Department of Ophthalmology, Glostrup Hospital, University of Copenhagen, Nordre Ringvej 57, DK-2600 Glostrup, Denmark.
Basic Clin Pharmacol Toxicol. 2009 Nov;105(5):289-93. doi: 10.1111/j.1742-7843.2009.00462.x. Epub 2009 Oct 1.
Glycerol is used as a peroral treatment of increased intraocular and intracranial pressure due to its osmotic effect despite the potential increase in blood pressure and blood glucose. We examined the effects of peroral glycerol in diabetic patients and healthy individuals on blood pressure, capillary glucose, and plasma osmolarity. On two separate days, 15 diabetic patients ingested glycerol in doses of 855 and 1710 mg/kg body weight in a randomised, unmasked sequence. Five healthy individuals ingested a dose of 1710 mg/kg body weight. Mean arterial blood pressure (MAP), capillary glucose (CG) and plasma osmolarity (pOSM) were monitored for 180 min. At baseline, the MAP was comparable between the groups of healthy individuals and diabetic patients (p = 0.55), CG was marginal different (p = 0.06), and pOSM values were significantly different (p = 0.007). Following glycerol ingestion, a transient, non-significant increase occurred in blood pressure. Maximal DeltaCG was approximately 1 mM irrespective of the dose and presence of diabetes (p > 0.1). The pOSM response was analysed with a kinetic model and found independent of the presence of diabetes (p = 0.6). The maximal fitted DeltapOSM was 12.7 and 25.3 mOsm/l in the group of diabetic patients after the low and high dose, respectively, reflecting a dose-response relationship. Nausea, fatigue and headache were common side effects. In conclusion, peroral glycerol had similar effects on blood glucose, MAP and pOSM in the diabetic patients and healthy individuals. Specific precautions should not be implemented when treating diabetic patients with a single dose up to 1.7 g/kg body weight. A peak increase of 8% in the pOSM within 1 hr can be expected from this dose.

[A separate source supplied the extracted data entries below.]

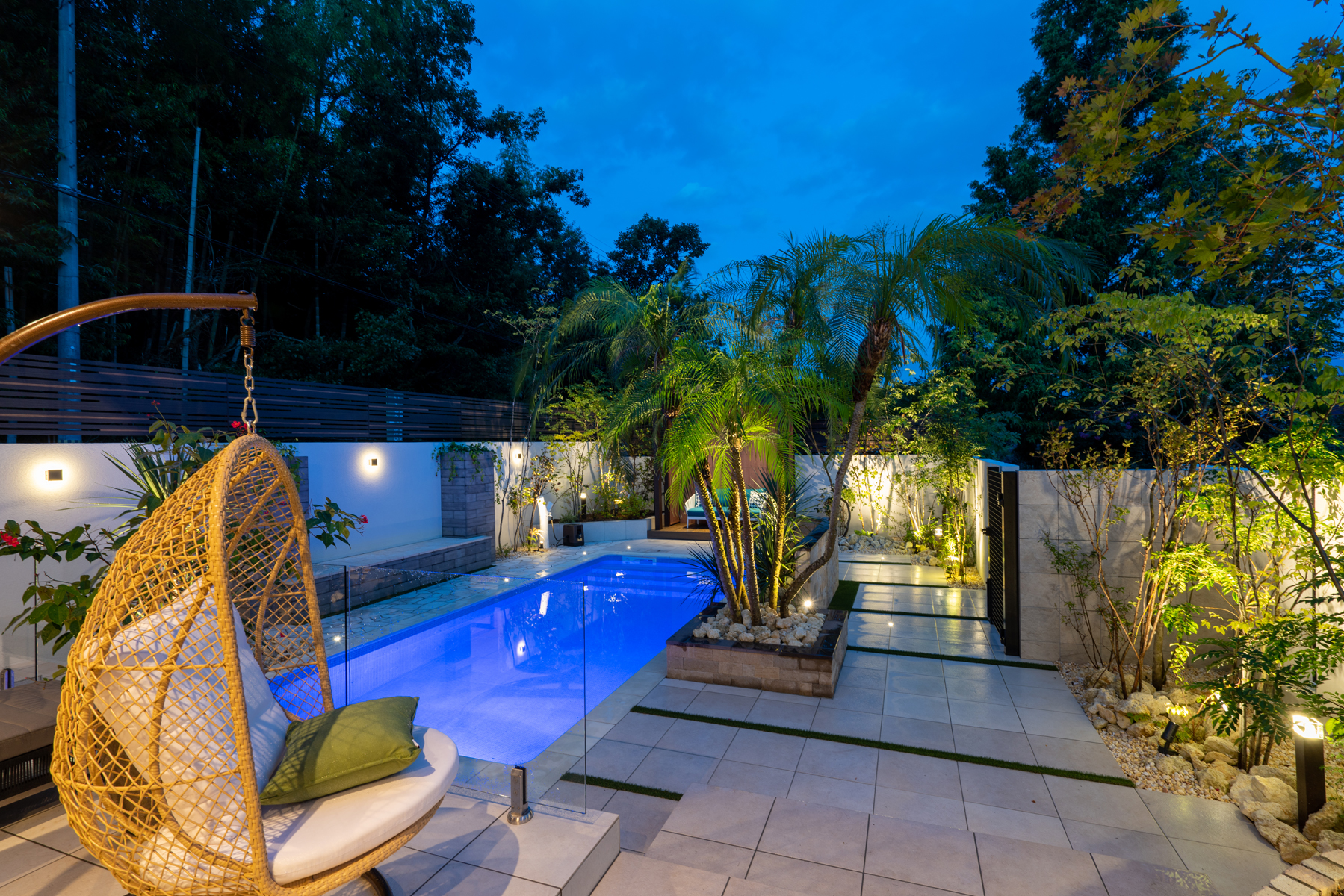 庭にプールがある夢の暮らしを現実に!我が家の庭が美しいリゾートホテルのような空間にエクステリアリフォーム事例No.2ウチソトスタイル。
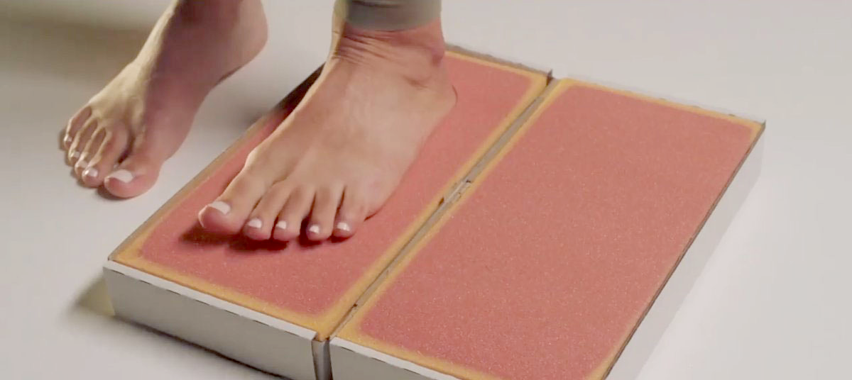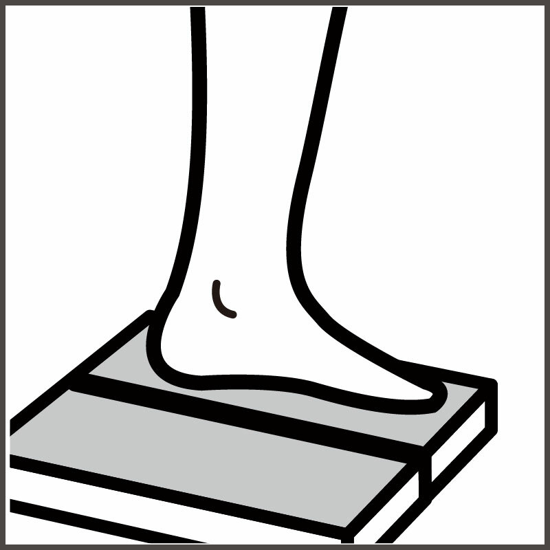 先將右腳輕放於左側海綿上,以垂直方向施力,讓整個腳掌平均踩踏到底,再將腳掌輕輕抬起,避免損壞模型。
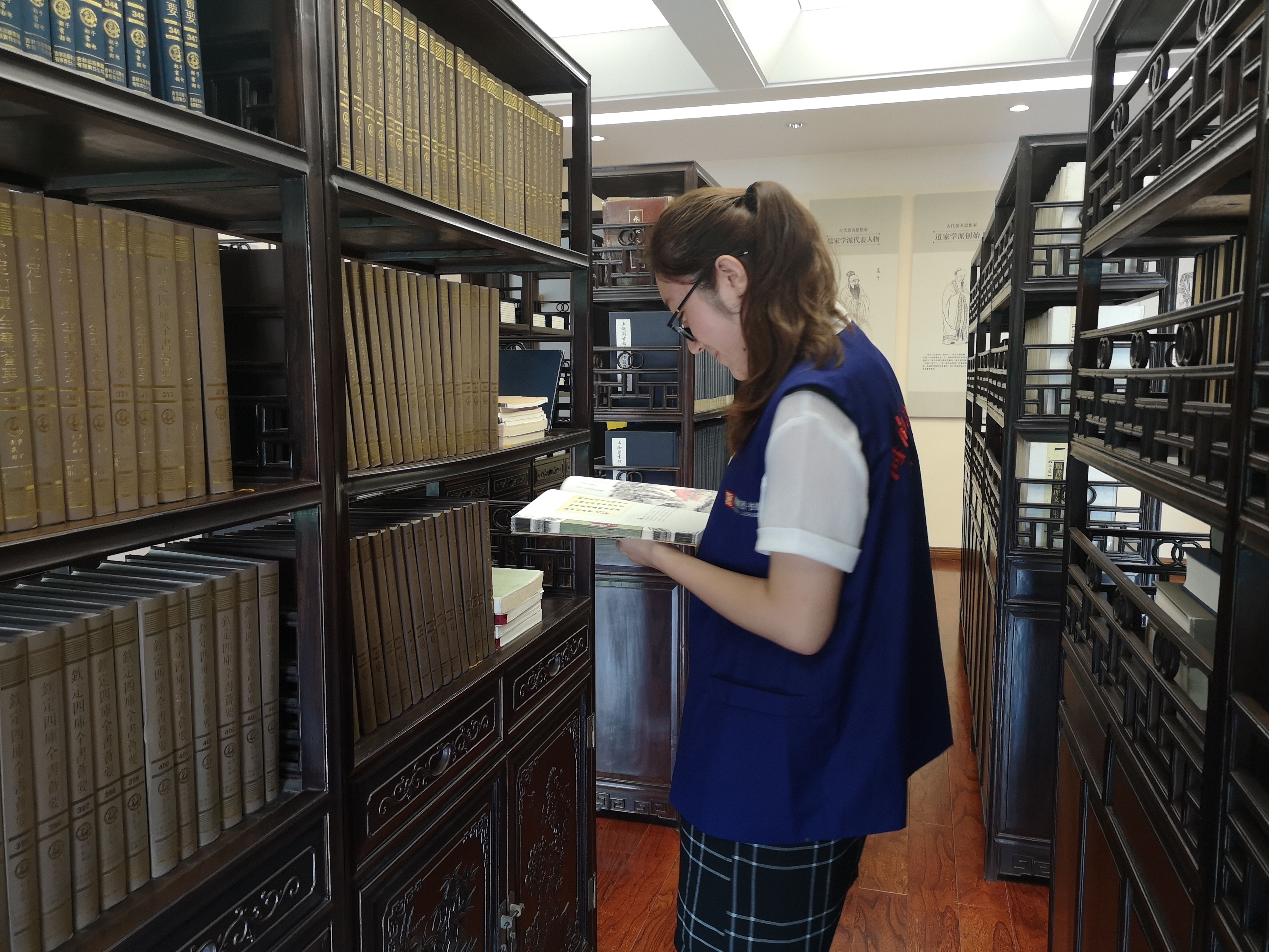志愿者翻阅书籍
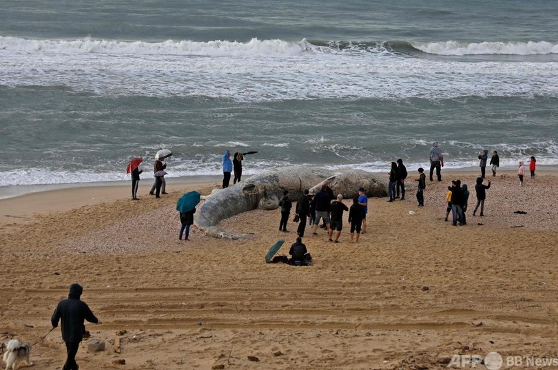 嵐の地中海沿岸にナガスクジラの死骸、イスラエル
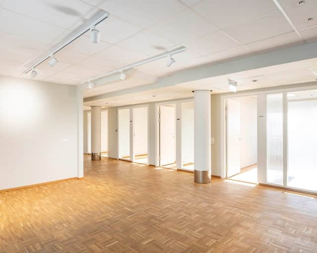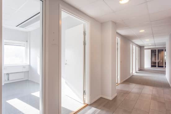 Lokalen är ljus och trivsam, med fina fönsterpartier längs hela fasaden och ett luftigt ljusgårdsparti som skapar en inspirerande arbetsmiljö.
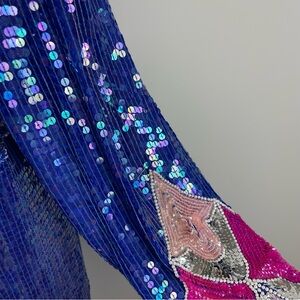 Vintage Blue Silver Pink Check Plaid Beaded Sequin Glam Cocktail Dress Party

甘油由于其渗透作用,被用作治疗眼内压和颅内压升高的口服药物,尽管可能会导致血压和血糖升高。我们研究了口服甘油对糖尿病患者和健康个体的血压、毛细血管葡萄糖和血浆渗透压的影响。在两天的时间里,15 名糖尿病患者以随机、非盲的顺序分别摄入 855 和 1710mg/kg 体重的甘油剂量。5 名健康个体摄入 1710mg/kg 体重的剂量。监测平均动脉血压(MAP)、毛细血管葡萄糖(CG)和血浆渗透压(pOSM)180 分钟。在基线时,健康个体和糖尿病患者的 MAP 无显著差异(p = 0.55),CG 略有不同(p = 0.06),pOSM 值存在显著差异(p = 0.007)。口服甘油后,血压短暂、非显著升高。无论剂量和糖尿病的存在,最大 DeltaCG 约为 1mM(p>0.1)。pOSM 反应用动力学模型进行分析,发现与糖尿病的存在无关(p = 0.6)。糖尿病患者在低剂量和高剂量后,最大拟合 Delta pOSM 分别为 12.7 和 25.3mOsm/l,反映了剂量反应关系。恶心、疲劳和头痛是常见的副作用。总之,口服甘油对糖尿病患者和健康个体的血糖、MAP 和 pOSM 具有相似的作用。在治疗糖尿病患者时,单剂量不超过 1.7g/kg 体重时,不应采取特殊的预防措施。预计该剂量在 1 小时内可使 pOSM 增加 8%。